GloVe Word Embeddings

Linguistic regularities

laten we nu onderzoeken hoe GloVe embeddings werkt. Zoals algemeen bekend, vangen word2vec woordvectoren veel taalkundige regelmatigheden. Om het canonieke voorbeeld te geven, als we woordvectoren nemen voor de woorden “Parijs”, “Frankrijk” en “Duitsland” en de volgende bewerking uitvoeren:

\

de resulterende vector zal dicht bij de vector voor “berlin”

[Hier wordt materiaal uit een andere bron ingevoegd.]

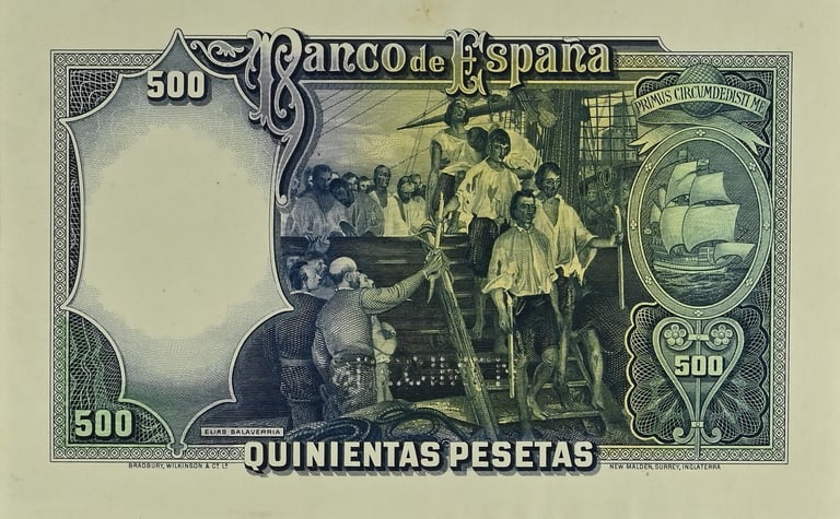 500 pesetas, 25 de abril de 1931. Anverso, retrato de Juan Sebastián Elcano. Reverso, cuadro de Elías Salaverría “Desenbarco de Elcano en Sevilla después de dar la vuelta al mundo” y nao “Victoria”. Impreso en calcografía y litografía por Bradbury Wilkinson and Company.

laten we dezelfde Wikipedia-gegevens downloaden die gebruikt worden als een demo door word2vec:

In de volgende stap zullen we een woordenschat maken, een verzameling woorden waarvoor we woordvectoren willen leren. Merk op dat alle functies van text2vec die werken op ruwe tekstgegevens (create_vocabulary, create_corpus, create_dtm, create_tcm) heb een streaming API en je moet itereren over tokens als het eerste argument voor deze functies.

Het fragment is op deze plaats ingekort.